Bohlin Jon, Håberg Siri E, Magnus Per, Gjessing Håkon K
Department of Method Development and Analytics, Section for modeling and bioinformatics, Norwegian Institute of Public Health, Oslo, Norway.
Centre for Fertility and Health, Norwegian Institute of Public Health, Oslo, Norway.
BMC Bioinformatics. 2024 Dec 18;25(1):380. doi: 10.1186/s12859-024-06000-4.

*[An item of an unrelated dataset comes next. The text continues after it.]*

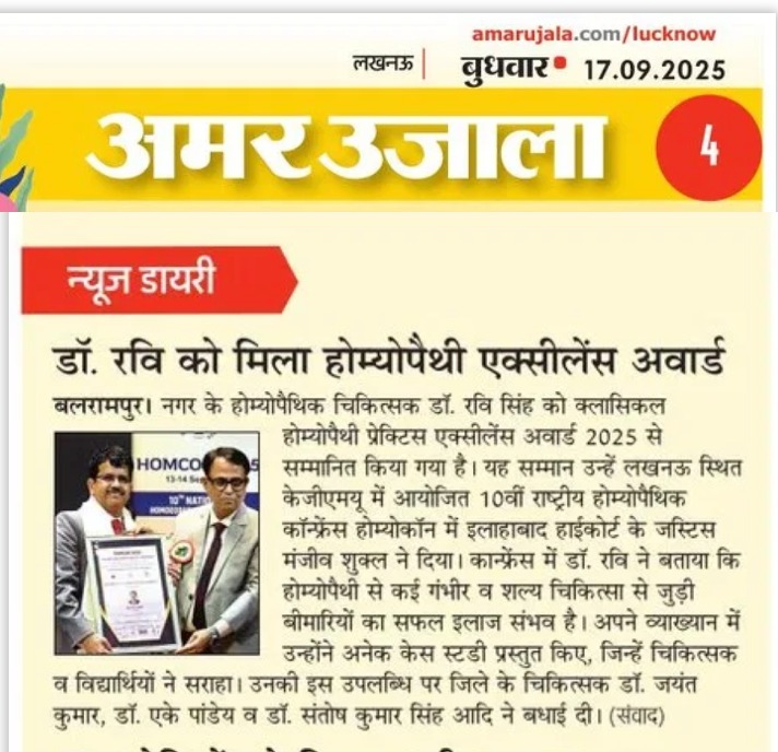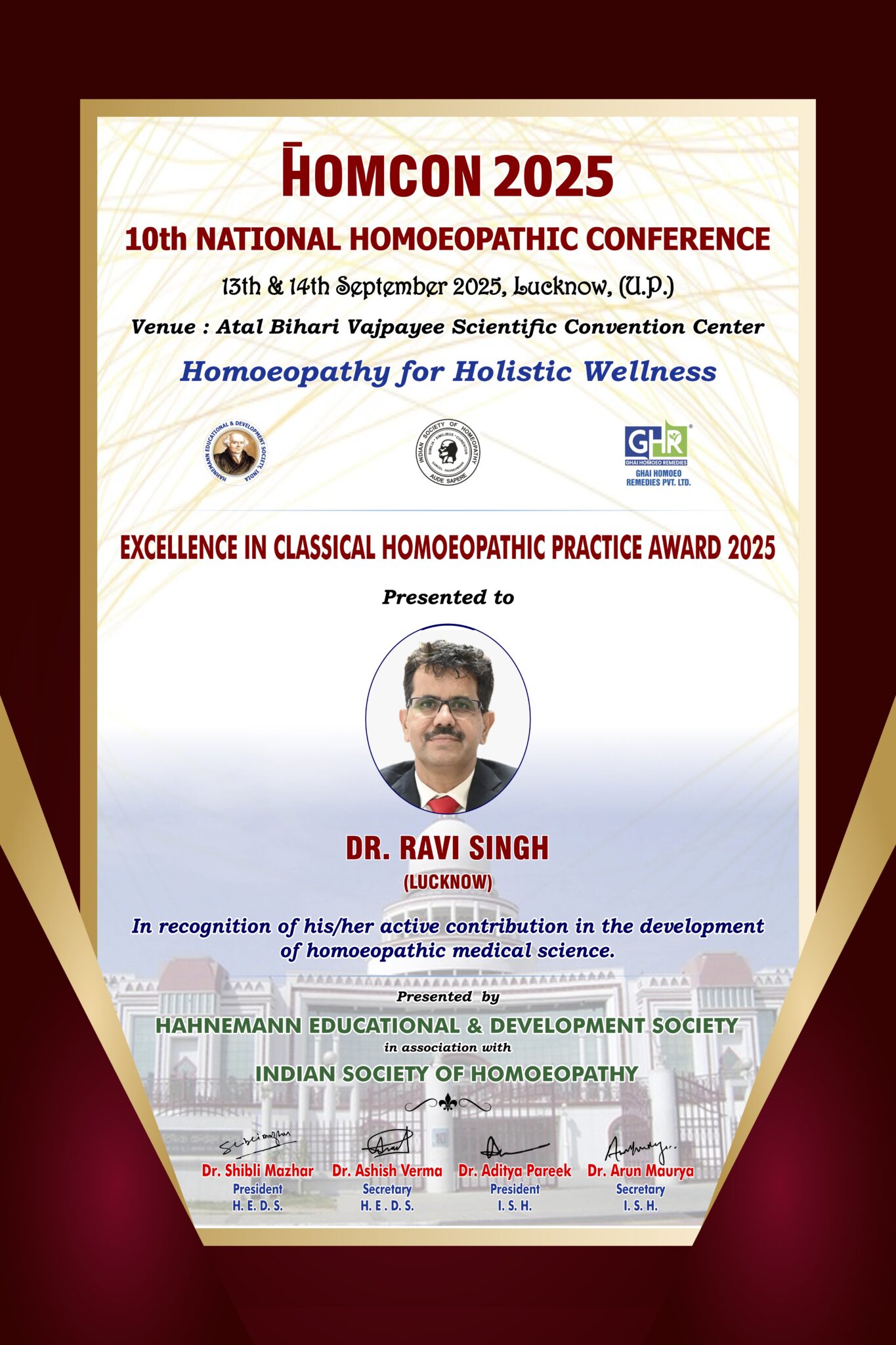 🏅 “Excellence in Classical Homeopathy Practice Award 2025”.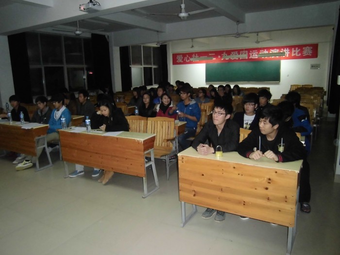 为了继承和发扬爱国主义精神,纪念“12.9学生爱国运动,使学生树立为报效和振兴中华民族而努力学习的远大志向。也为了丰富学生的课余生活,提高学生们的综合素质和综合能力,我院爱心社于2012129日下午15:30,在院机械楼32#102教室内举行了纪念12.9运动,“弘扬爱国精神,尽展青春风采,”主题演讲比赛。本次比赛面向全校学生开展,各班推举一名同学,通过紧张而激烈的初赛胜出十名选手进入决赛。

Generating prediction models from high dimensional data often result in large models with many predictors. Causal inference for such models can therefore be difficult or even impossible in practice. The stand-alone software package MinLinMo emphasizes small linear prediction models over highest possible predictability with a particular focus on including variables correlated with the outcome, minimal memory usage and speed. MinLinMo is demonstrated on large epigenetic datasets with prediction models for chronological age, gestational age, and birth weight comprising, respectively, 15, 14 and 10 predictors. The parsimonious MinLinMo models perform comparably to established prediction models requiring hundreds of predictors.
从高维数据生成预测模型通常会得到包含许多预测变量的大型模型。因此,对此类模型进行因果推断在实际中可能很困难甚至无法实现。独立软件包MinLinMo强调小型线性预测模型,而非追求尽可能高的可预测性,特别注重纳入与结果相关的变量、最小化内存使用和速度。在大型表观遗传数据集上展示了MinLinMo,其针对 chronological age(实足年龄)、gestational age(胎龄)和 birth weight(出生体重)的预测模型分别包含15、14和10个预测变量。简约的MinLinMo模型与需要数百个预测变量的既定预测模型表现相当。